__PROMPT__: Reproduce the material below only from the line with "Young man in" to the line with "XM306蓝色裤裙美女商场一边走路一边拍照,白色内内 306", both included, keeping each line exact and dropping the pictures.
____________
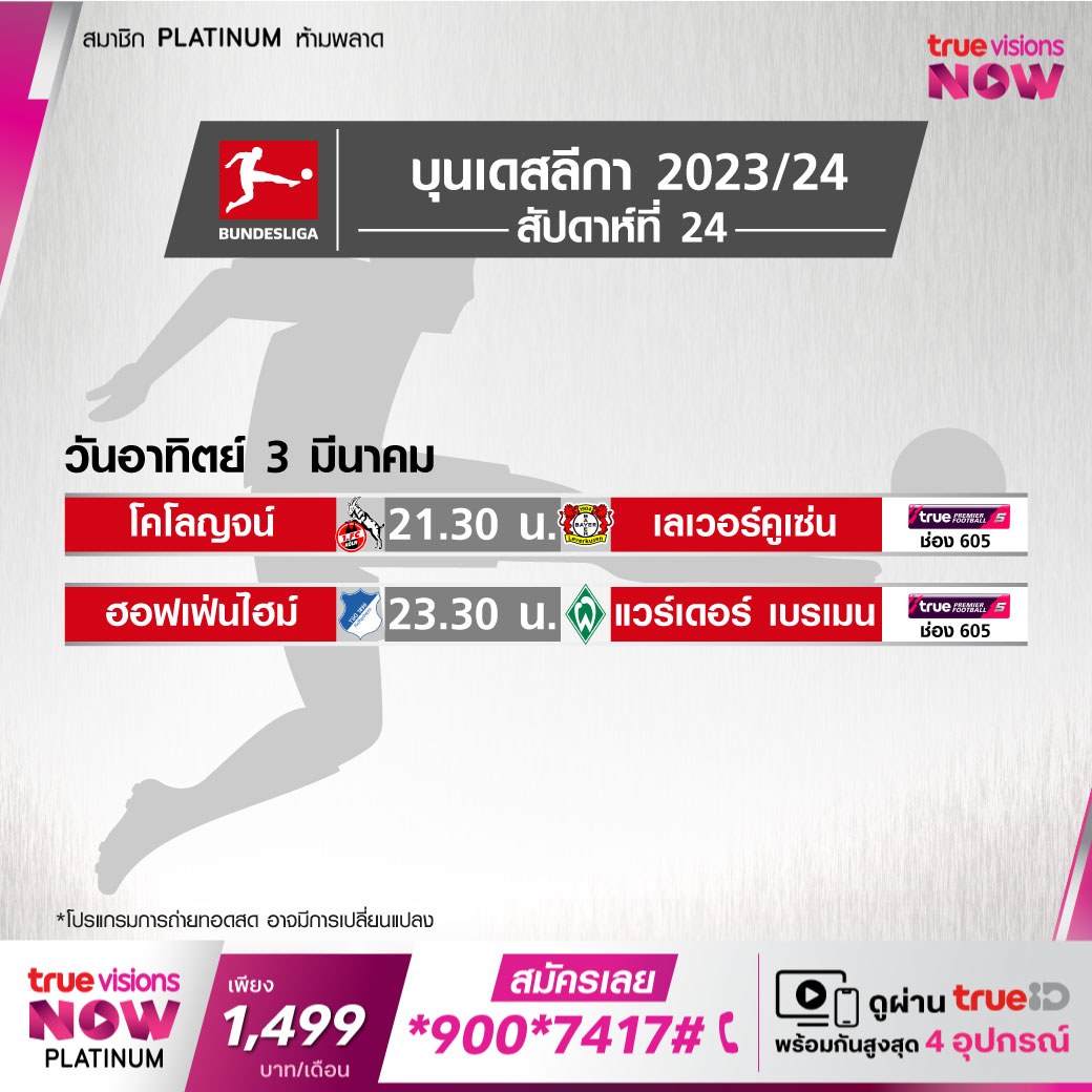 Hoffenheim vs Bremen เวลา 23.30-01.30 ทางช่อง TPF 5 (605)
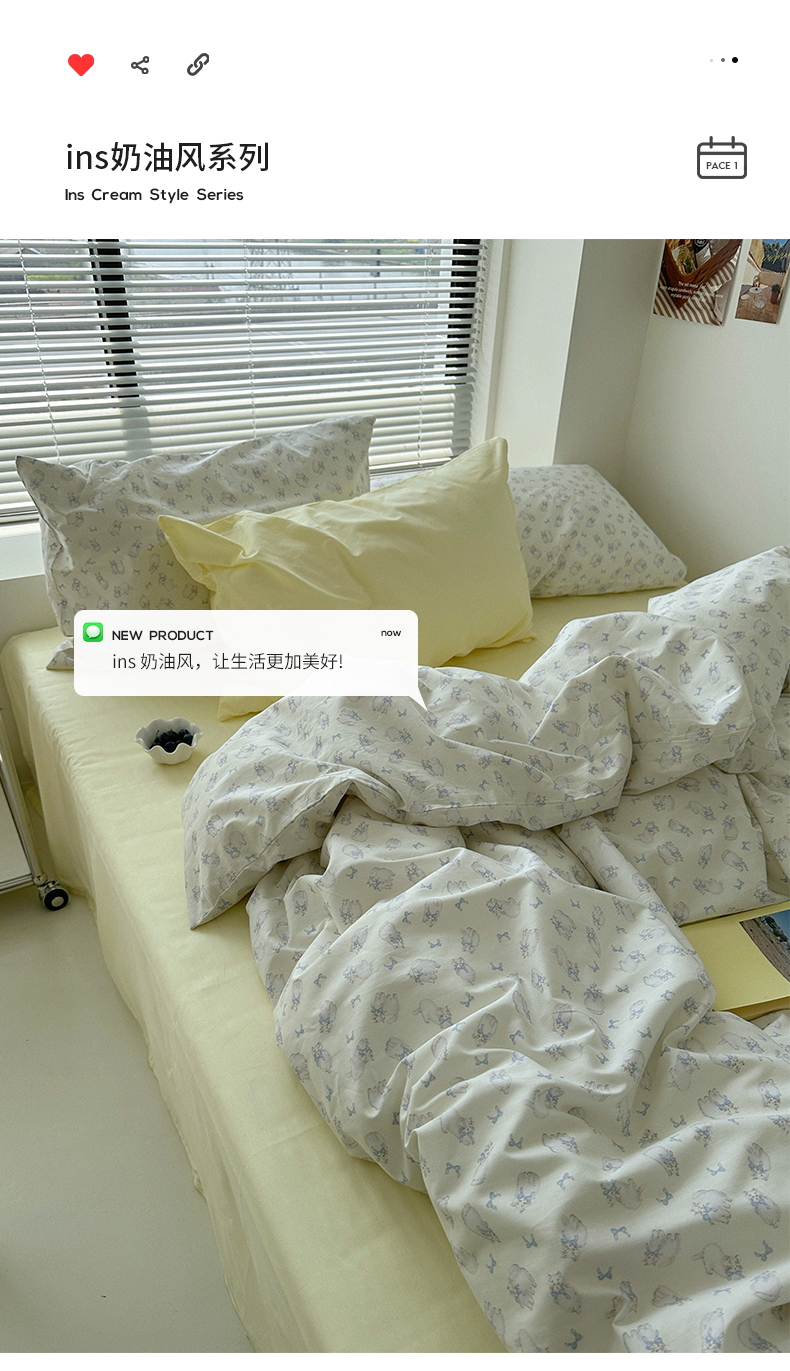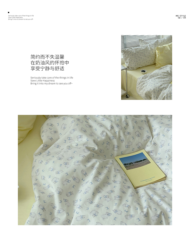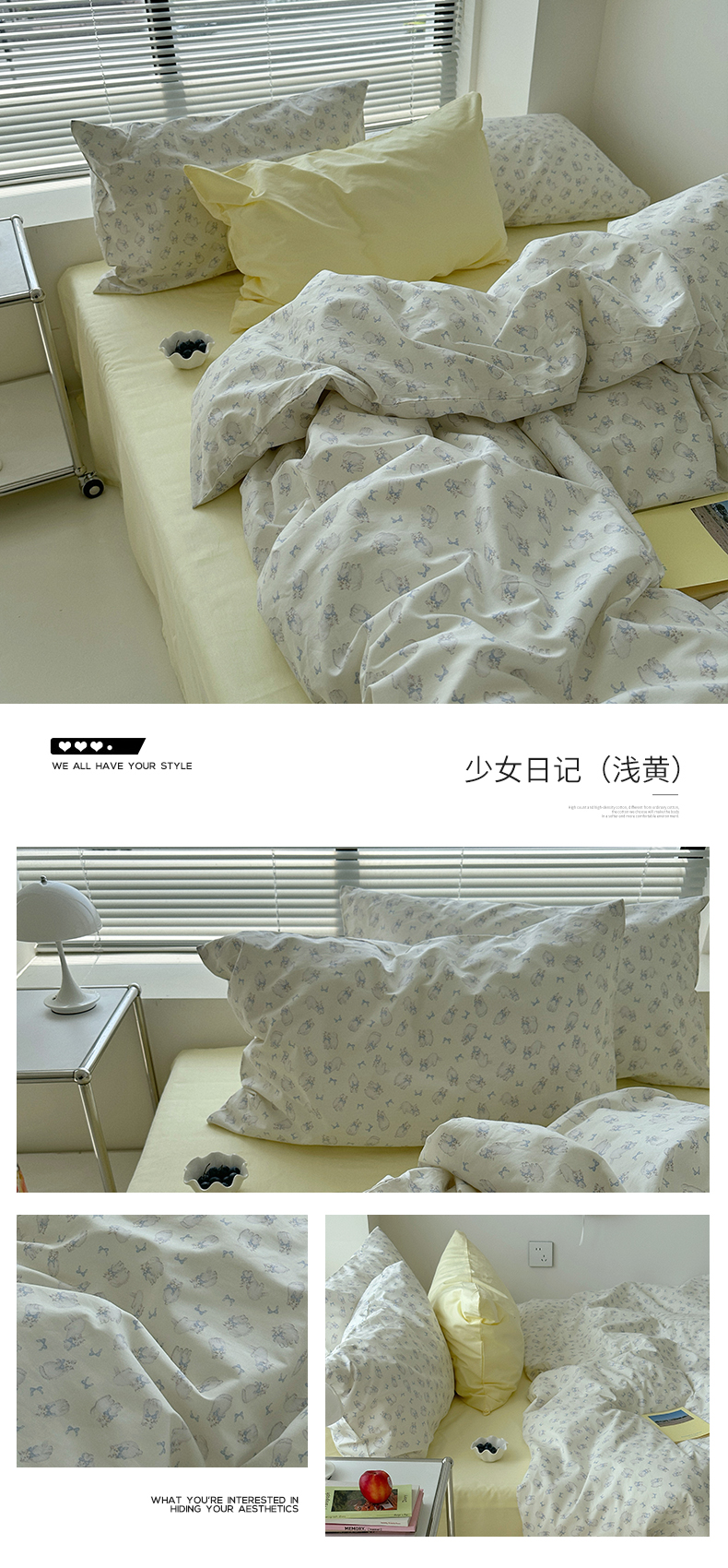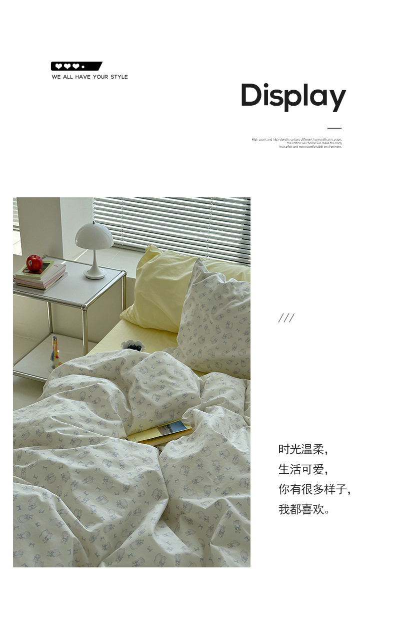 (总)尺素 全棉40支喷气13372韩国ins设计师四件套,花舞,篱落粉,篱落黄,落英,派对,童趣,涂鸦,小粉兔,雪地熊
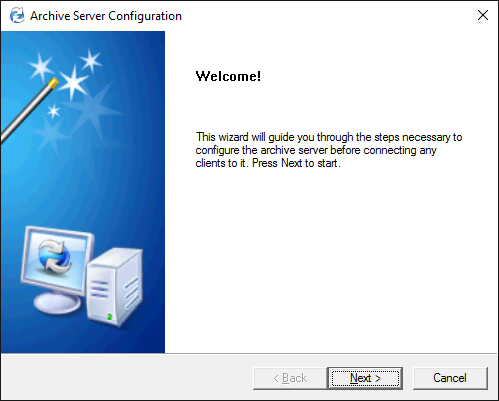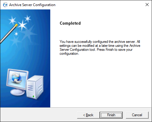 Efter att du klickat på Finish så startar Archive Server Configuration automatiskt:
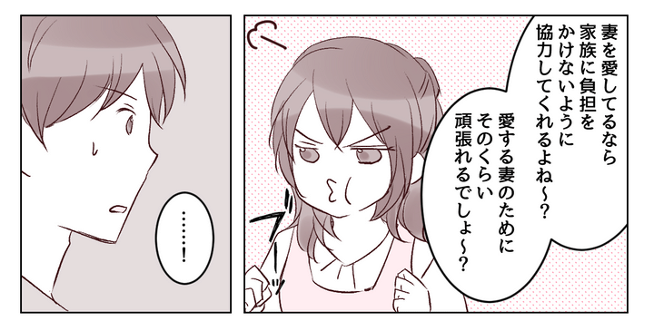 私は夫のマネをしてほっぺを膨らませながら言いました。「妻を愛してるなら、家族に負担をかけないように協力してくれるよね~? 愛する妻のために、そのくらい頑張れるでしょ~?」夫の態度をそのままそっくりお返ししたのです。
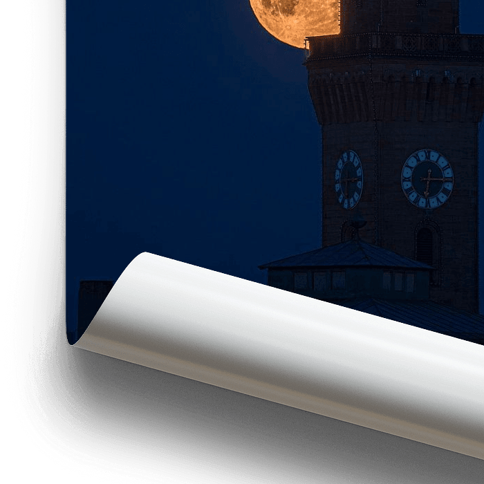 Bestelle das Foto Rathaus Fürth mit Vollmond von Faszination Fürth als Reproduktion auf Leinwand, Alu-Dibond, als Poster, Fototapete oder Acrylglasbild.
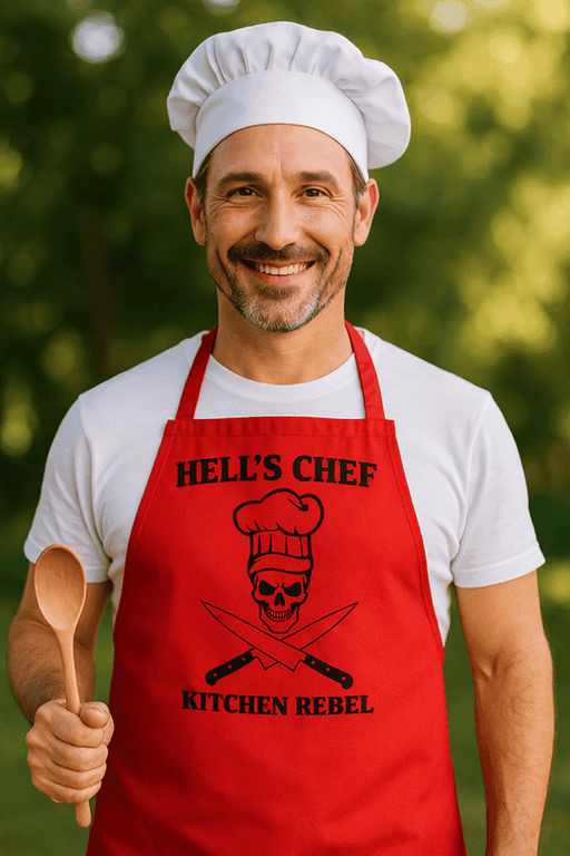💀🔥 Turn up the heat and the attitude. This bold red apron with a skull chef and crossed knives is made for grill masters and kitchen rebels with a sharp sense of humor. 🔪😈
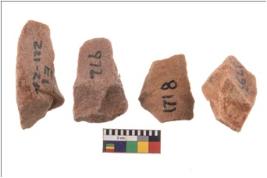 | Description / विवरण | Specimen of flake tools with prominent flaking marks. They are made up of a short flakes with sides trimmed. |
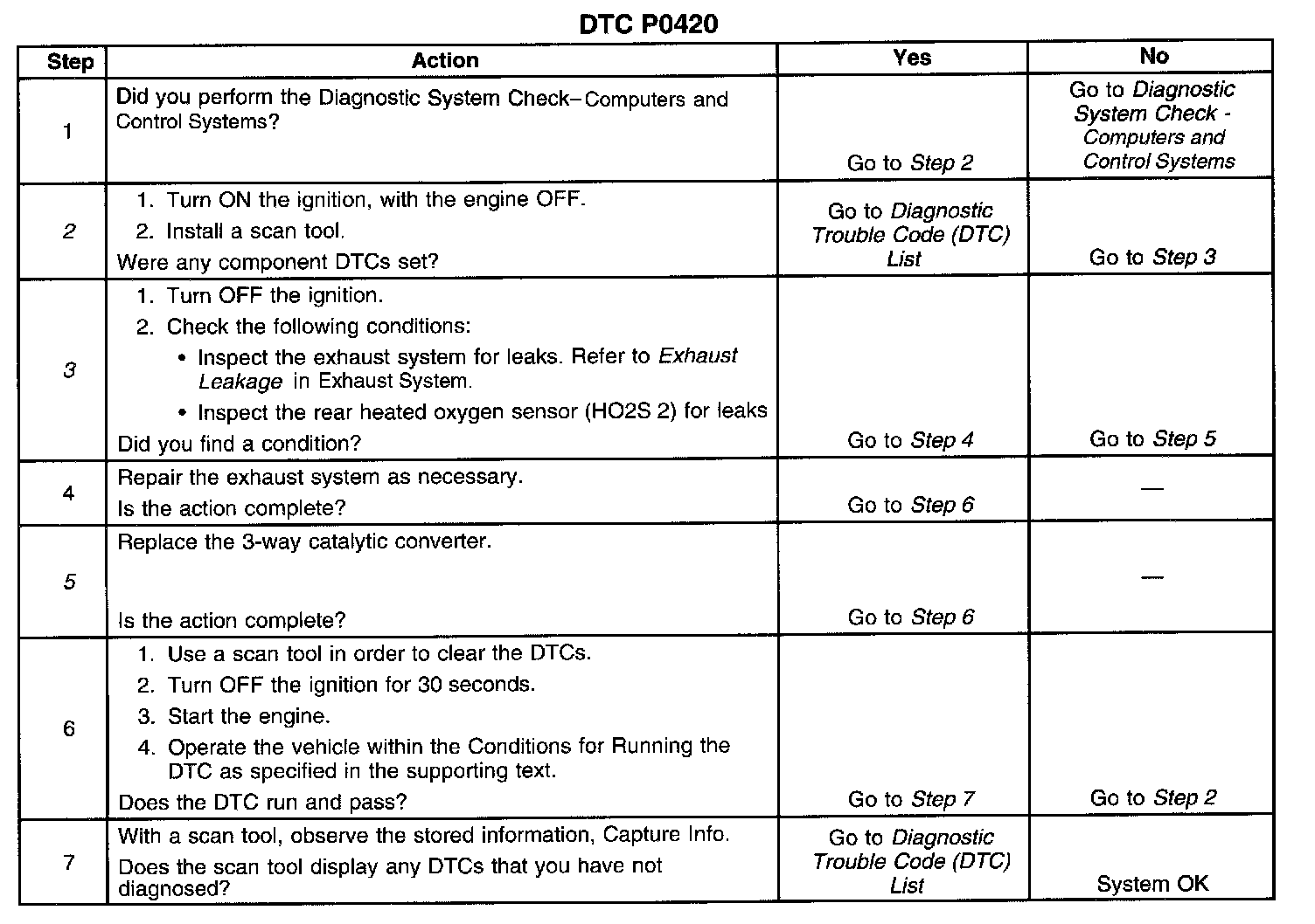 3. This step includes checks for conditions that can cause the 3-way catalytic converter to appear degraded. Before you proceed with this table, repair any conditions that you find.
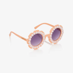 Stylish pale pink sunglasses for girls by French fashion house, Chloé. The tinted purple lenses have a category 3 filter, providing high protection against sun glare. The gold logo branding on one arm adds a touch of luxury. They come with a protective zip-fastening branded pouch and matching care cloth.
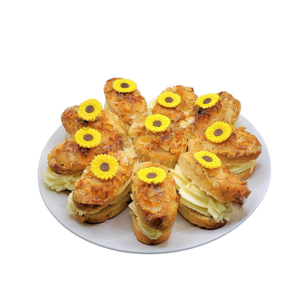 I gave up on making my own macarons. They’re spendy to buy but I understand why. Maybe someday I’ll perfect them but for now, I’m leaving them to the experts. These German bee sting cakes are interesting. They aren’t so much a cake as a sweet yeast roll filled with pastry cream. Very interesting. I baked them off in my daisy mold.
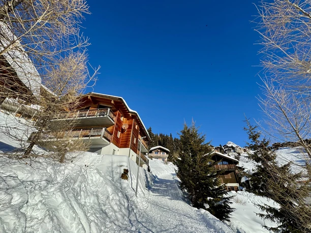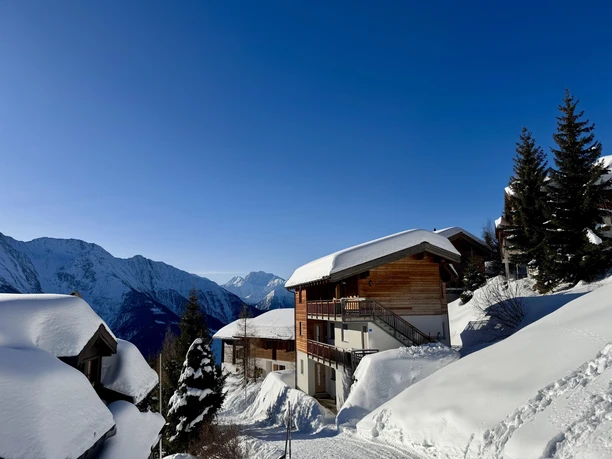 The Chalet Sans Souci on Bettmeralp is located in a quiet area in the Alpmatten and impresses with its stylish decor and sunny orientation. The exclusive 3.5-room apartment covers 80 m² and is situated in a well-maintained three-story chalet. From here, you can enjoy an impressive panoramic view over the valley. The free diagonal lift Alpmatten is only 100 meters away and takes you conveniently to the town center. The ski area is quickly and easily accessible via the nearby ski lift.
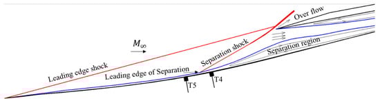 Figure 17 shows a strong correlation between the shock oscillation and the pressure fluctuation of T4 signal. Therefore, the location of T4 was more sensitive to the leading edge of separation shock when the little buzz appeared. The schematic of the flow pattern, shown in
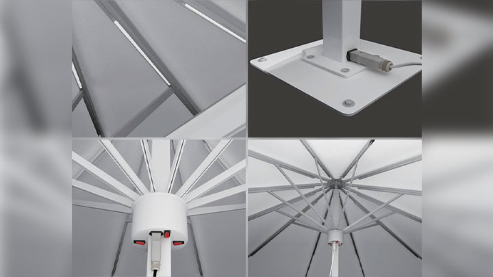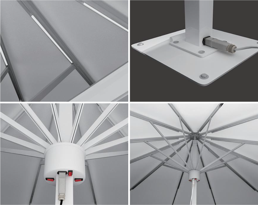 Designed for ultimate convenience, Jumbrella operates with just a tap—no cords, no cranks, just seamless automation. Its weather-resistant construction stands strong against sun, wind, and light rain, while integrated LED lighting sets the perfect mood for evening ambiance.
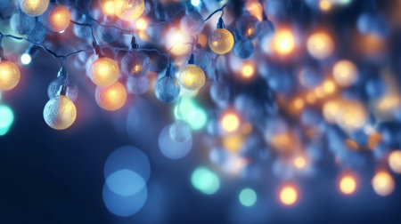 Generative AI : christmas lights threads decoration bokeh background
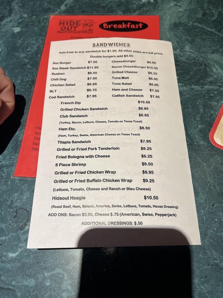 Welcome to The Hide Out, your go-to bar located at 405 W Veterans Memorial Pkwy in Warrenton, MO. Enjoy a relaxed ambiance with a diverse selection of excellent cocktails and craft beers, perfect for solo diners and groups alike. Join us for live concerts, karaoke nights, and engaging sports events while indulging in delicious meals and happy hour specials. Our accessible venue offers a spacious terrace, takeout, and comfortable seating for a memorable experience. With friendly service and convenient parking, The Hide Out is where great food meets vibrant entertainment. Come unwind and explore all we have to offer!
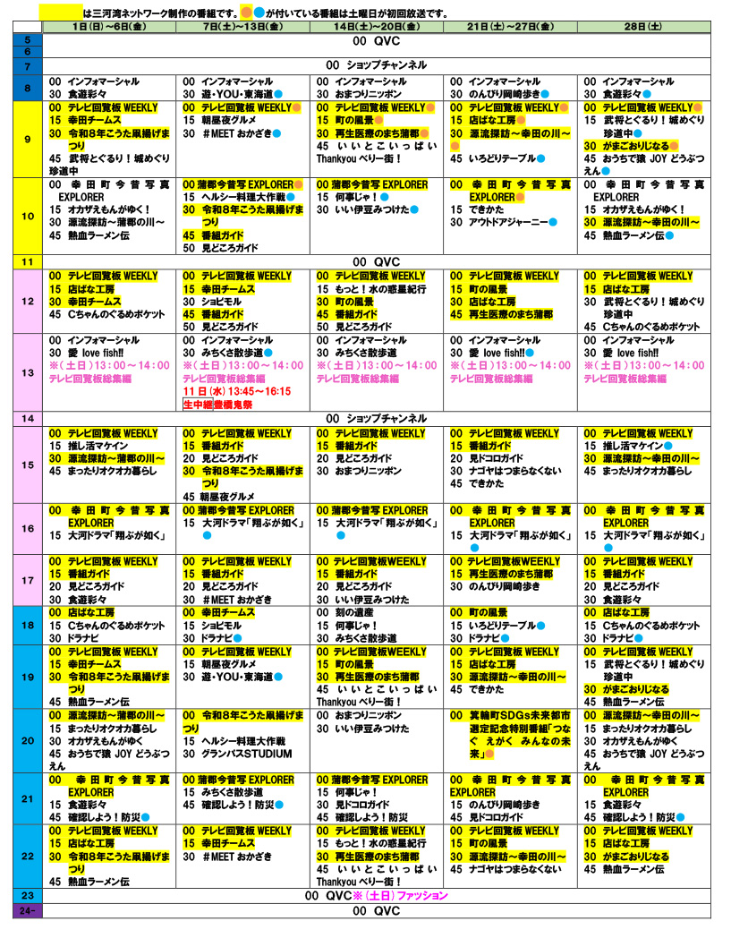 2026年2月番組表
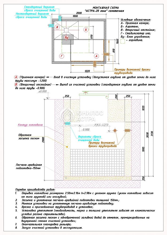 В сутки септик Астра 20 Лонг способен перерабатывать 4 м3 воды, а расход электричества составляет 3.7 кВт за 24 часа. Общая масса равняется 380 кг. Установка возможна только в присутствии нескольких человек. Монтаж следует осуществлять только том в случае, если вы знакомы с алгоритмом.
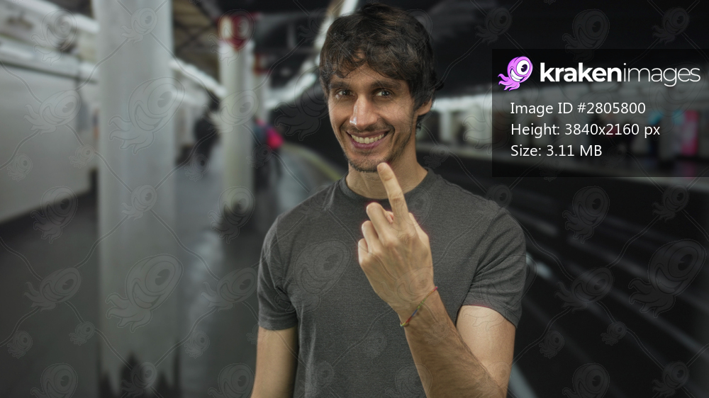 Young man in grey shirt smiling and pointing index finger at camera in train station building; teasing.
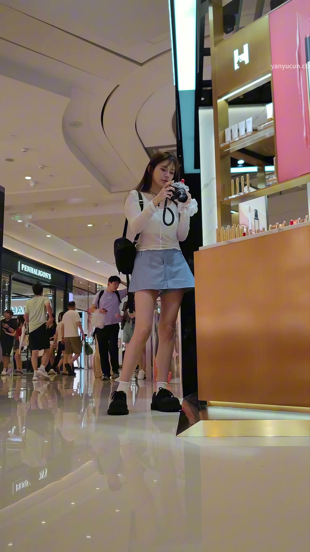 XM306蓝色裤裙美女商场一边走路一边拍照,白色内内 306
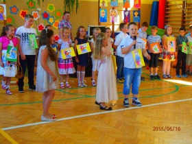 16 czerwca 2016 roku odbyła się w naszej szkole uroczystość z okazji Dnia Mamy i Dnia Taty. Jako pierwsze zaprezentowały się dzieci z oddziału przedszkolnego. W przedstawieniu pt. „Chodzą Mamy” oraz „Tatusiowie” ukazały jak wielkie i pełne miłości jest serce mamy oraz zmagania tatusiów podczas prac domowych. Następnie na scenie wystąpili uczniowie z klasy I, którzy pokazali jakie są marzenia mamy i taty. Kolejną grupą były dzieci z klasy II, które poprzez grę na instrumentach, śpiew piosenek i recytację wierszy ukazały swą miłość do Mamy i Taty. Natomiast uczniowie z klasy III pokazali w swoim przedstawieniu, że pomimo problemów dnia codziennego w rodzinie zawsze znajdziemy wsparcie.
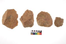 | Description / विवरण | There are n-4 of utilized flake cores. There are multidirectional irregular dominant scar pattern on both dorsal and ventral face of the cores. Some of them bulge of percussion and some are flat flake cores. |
____________
__EXERCISE RESPONSE__:
 Young man in grey shirt smiling and pointing index finger at camera in train station building; teasing.
 XM306蓝色裤裙美女商场一边走路一边拍照,白色内内 306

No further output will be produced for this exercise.